Even without any specific assumptions about how neuronal "value" is calculated and how information describing that value is distributed, we can use the idea of a supply/demand economy to explain some aspects of cortical plasticity. For example, if certain neurons are destroyed, for instance by disease, often other nearby neurons will take over the functionality of the destroyed neurons. We can interpret this as being caused by the demand for the information previously supplied by the destroyed neurons increasing, so that said information has a higher value in the market, which then leads other neurons to switch over to supplying that information themselves, whereas previously those neurons would not have bothered to supply it, because the original (now destroyed) suppliers were more competitive at doing so.
The most well-known theory about how local interactions between neurons determine changes in neuronal connections is that of Donald Hebbs. The theory is sometimes summed up as "neurons that fire together wire together". We can consider whether this has a plausible economic interpretation.
For example, consider an input neuron X whose firing is somewhat correlated with the firing of the neuron Y that it sends information to, and suppose (for this example) that it is connected by an excitatory synapse. The Hebbian theory predicts that the connection from neuron X to neuron Y will be strengthened because of this correlation (so whatever mechanism it is that determines the strengthening, this mechanism must involve the detection of the relevant correlation).
From an economic point of view, if neuron Y is performing a certain task, and neuron X is correlated with it, it is plausible that neuron X might be supplying information that is relevant to whatever it is that neuron Y is doing. If this is a valid assumption, then we have a local mechanism that is consistent with an economic interpretation of cortical learning and plasticity.

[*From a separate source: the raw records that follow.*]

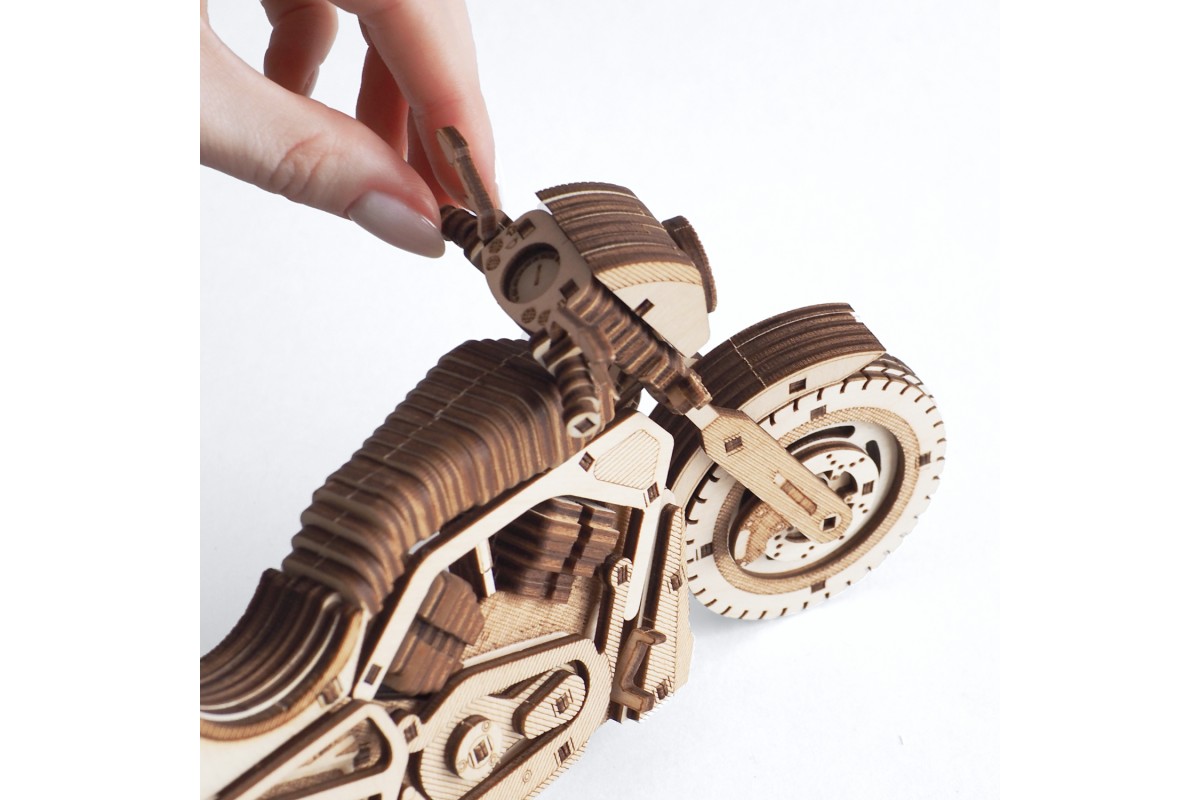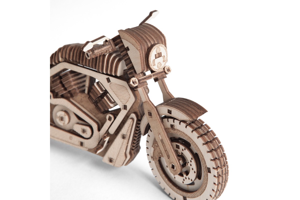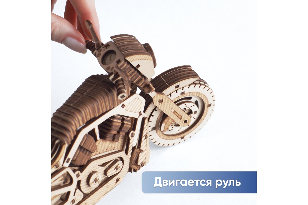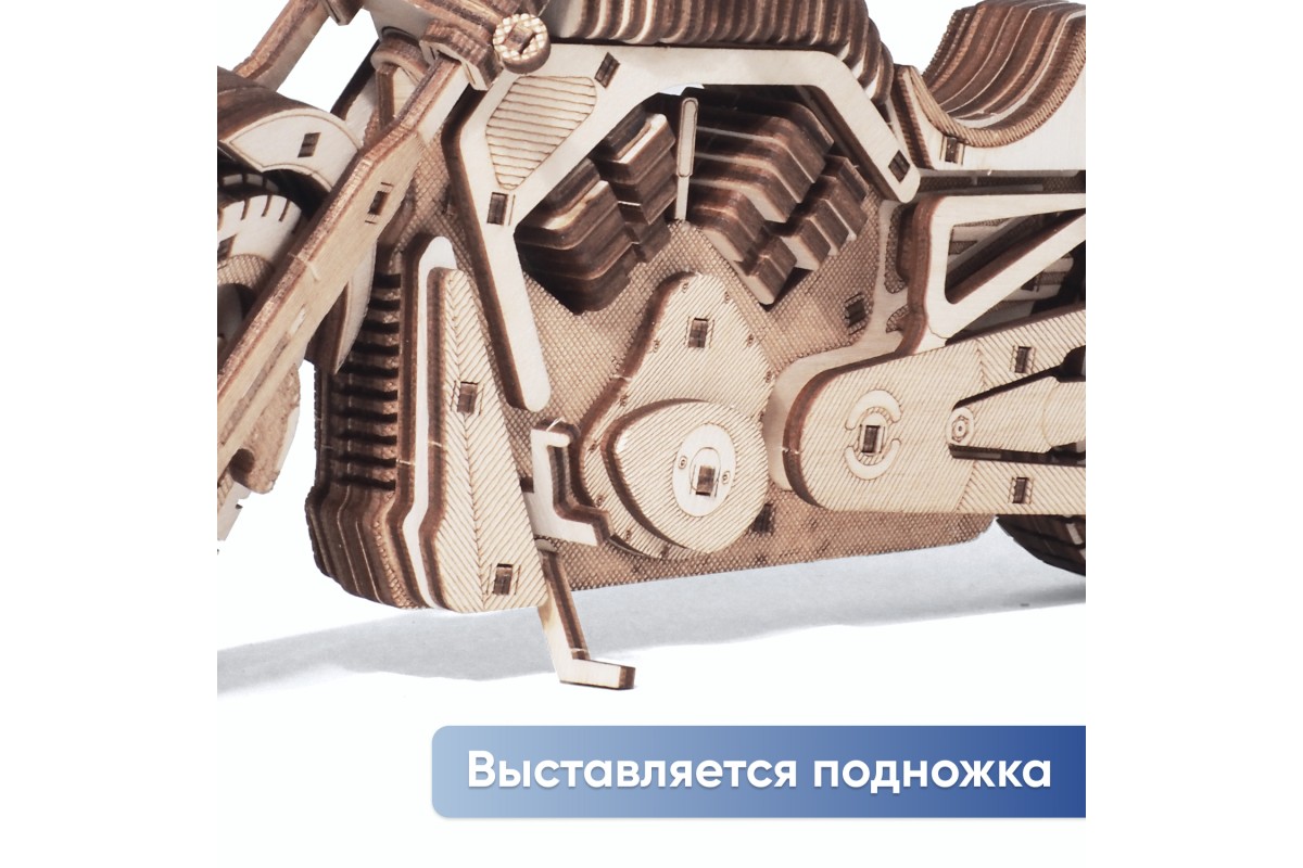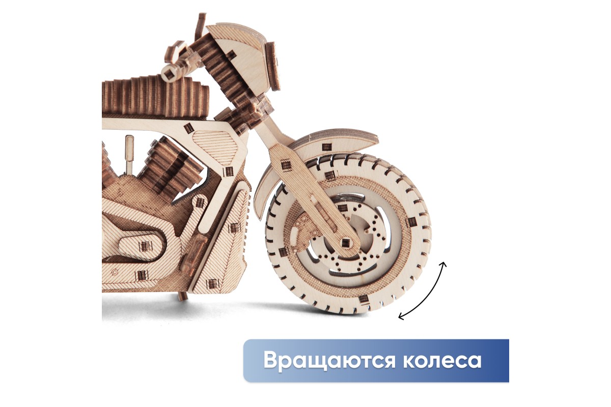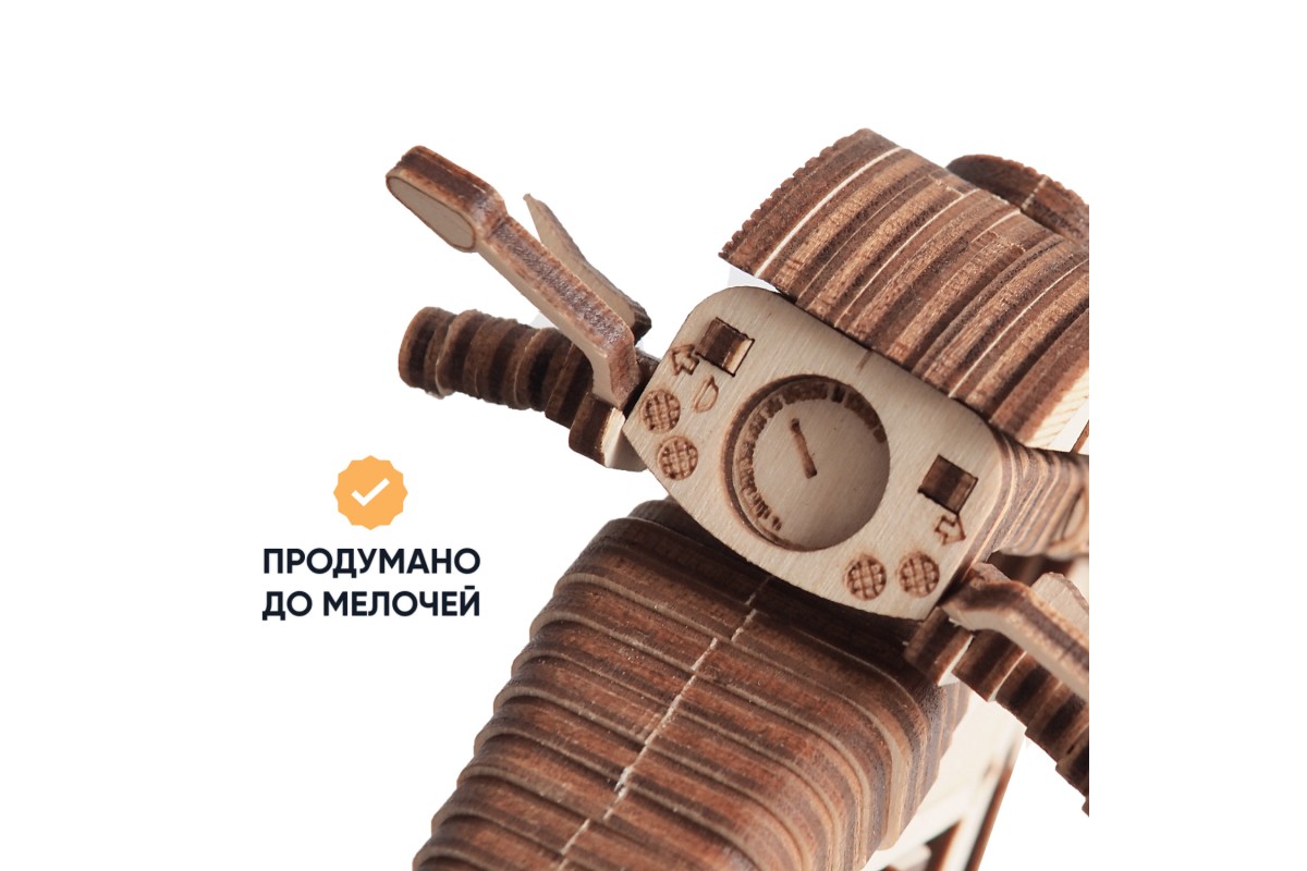 Сборная модель из дерева обладает высокой детализацией, тут и приборная панель, и зеркала, и номерной знак. У собранной модели мотоцикла вращается руль и колеса, выставляется подножка.
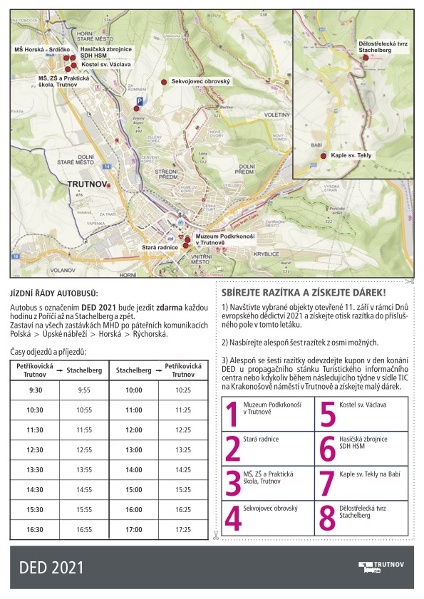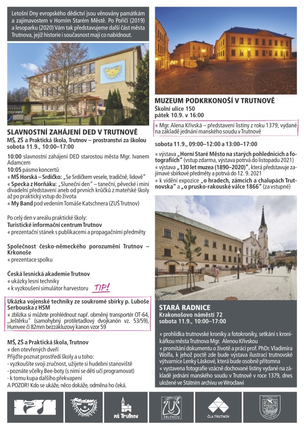 V sobotu 11.září 2021 se v Trutnově konají tradiční dny evropského kulturního dědictví. Tentokrát budou věnovány především Hornímu Starému Městu a Babí.
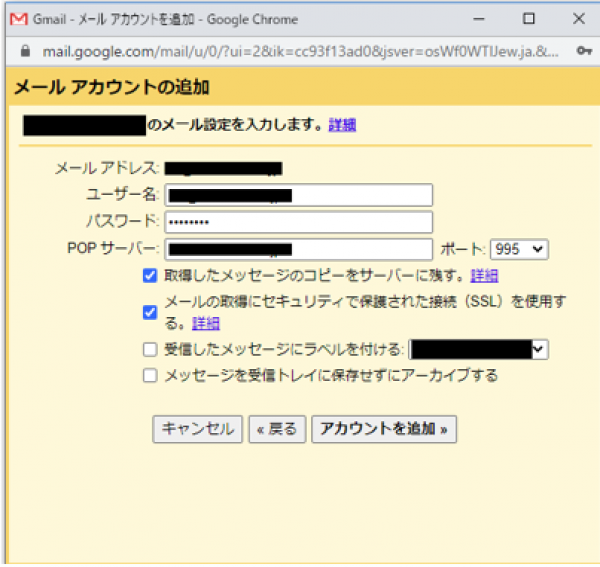 ・メールの取得にセキュリティで保護された接続(SSL)を使用する → チェック入れる
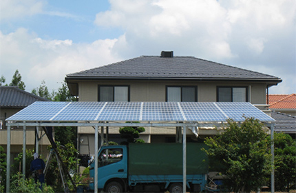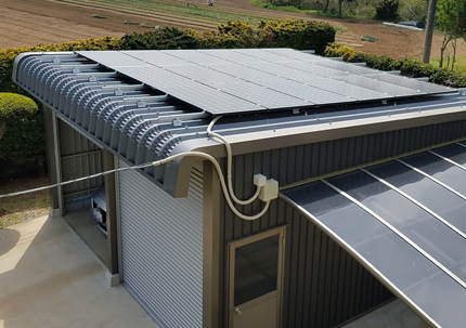 トラックを納める木製カーポートを制作し、その上に三菱重工製パネルを備え付けました。
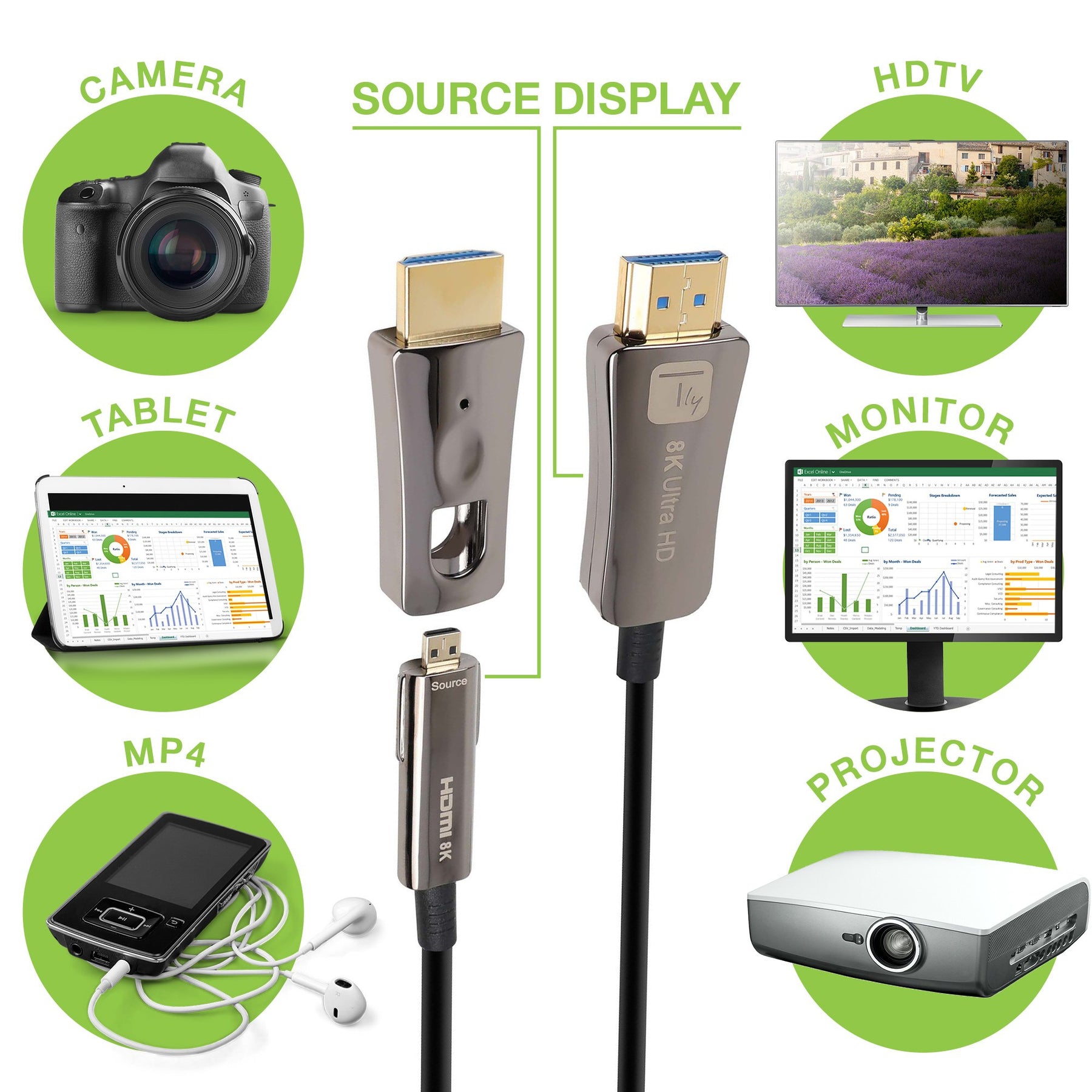 Il cavo HDMI™ ibrido, o cavo in fibra ottica attivo Active Optical Cable (AOC), consente la trasmissione di segnali video e audio ad alta qualità su lunghe distanze senza perdita di qualità. I segnali provenienti da fonti come il Blu-ray, lettori multimediali, DVD, SAT etc. vengono ricevuti da TV UHD e FullHD e proiettori con una risoluzione fino a 8K@60Hz.
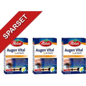 Anwendungsgebiet von Abtei Augen Vital Tag & Nacht KapselnAbtei Augen Vital Tag & Nacht Kapseln ist ein Nahrungsergänzungsmittel mit Lutein, Zeaxanthin, Omega-3-Fettsäuren, Vitaminen und Mineralstoffen. Das Auge ist eines der wichtigsten Sinnesorgane des menschlichen Körpers und ist Tag und Nacht gefordert. Abtei Augen Vital Tag & Nacht Kapseln unterstützt die Augen mit ausgewählten Nährstoffen, die der Körper nicht alle selbst bilden kann - damit die Sehfunktion möglichst lange sowohl bei Tag als auch bei Nacht erhalten bleibt.*Vitamin A trägt zur Aufrechterhaltung der normalen Sehkraft beiVitamin C, E, B2, Zink, Selen, Kupfer leisten eine wichtige Schutzfunktion für die Zellen bei oxidativem StressDHA gehört zu den wichtigsten Omega-3-Fettsäuren und unterstützt bei einer täglichen Aufnahme von 250 mg den Erhalt der SehkraftZink leistet einen Beitrag zur normalen Sehkraft und unterstützt den Vitamin-A-StoffwechselWirkstoffe / Inhaltsstoffe / ZutatenZutaten von Abtei Augen Vital Tag & Nacht Kapseln:Gelatine (Rind) Calcium-L-ascorbat pflanzliches Öl (Distel, Sonnenblumen) Fischöl (14 %) Sojaöl Feuchthaltemittel Glycerin Verdickungsmittel Bienenwachs, weiss und gelb Lutein Zeaxanthin Vitamin E Zinkoxid Vitamin A Vitamin B2 Kupfersulfat Natriumselenit Emulgator Sojalecithine Farbstoff Eisenoxide und Eisenhydroxide. Nährstoffe pro Kapsel % der Tageszufuhr pro Kapsel* Vitamin E12 mg α-TE 100 % Vitamin C80 mg 100 % Vitamin A800 µg RE 100 % Vitamin B21,4 mg 100 % Zink10 mg 100 % Selen55 µg 100 % Kupfer300 µg 30 % * Referenzmenge nach EU-Lebensmittelinformationsverordnung Weitere Inhaltsstoffe pro Kapsel % der Tageszufuhr pro Kapsel Lutein 20 mg** Zeaxanthin 1 mg** DHA 40 mg** ** keine Referenzmenge vorhandenGegenanzeigenBei bekannter Überempfindlichkeit gegenüber einem der oben genannten Inhaltsstoffe sollte dieses Produkt nicht angewendet werden.DosierungV
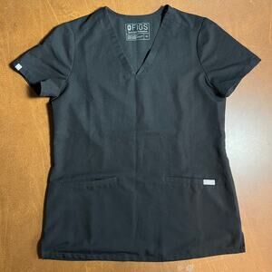 Figs XS Casma Three Pocket Black Scrub Top Short Sleeve FW1100

I suspect that one simple mechanism is not enough to explain everything that goes on in the brain, and that the rules of economics might be different for neurons performing qualitatively different kinds of tasks, for example neurons involved in decision-making as compared to neurons involved in perception. There may also be more global indicators of value that are relevant in some situations, for example our perception of pleasure and pain which represent information about overall success at satisfying biological goals. But a value-based theory does seem to be one kind of theory that can provide a framework for explaining how a neuron can "know what to do", even though "what a neuron does" is something that is intrinsically variable, and which seems to vary as a result of the very processes that occur when each neuron in the network attempts to do its own job "better".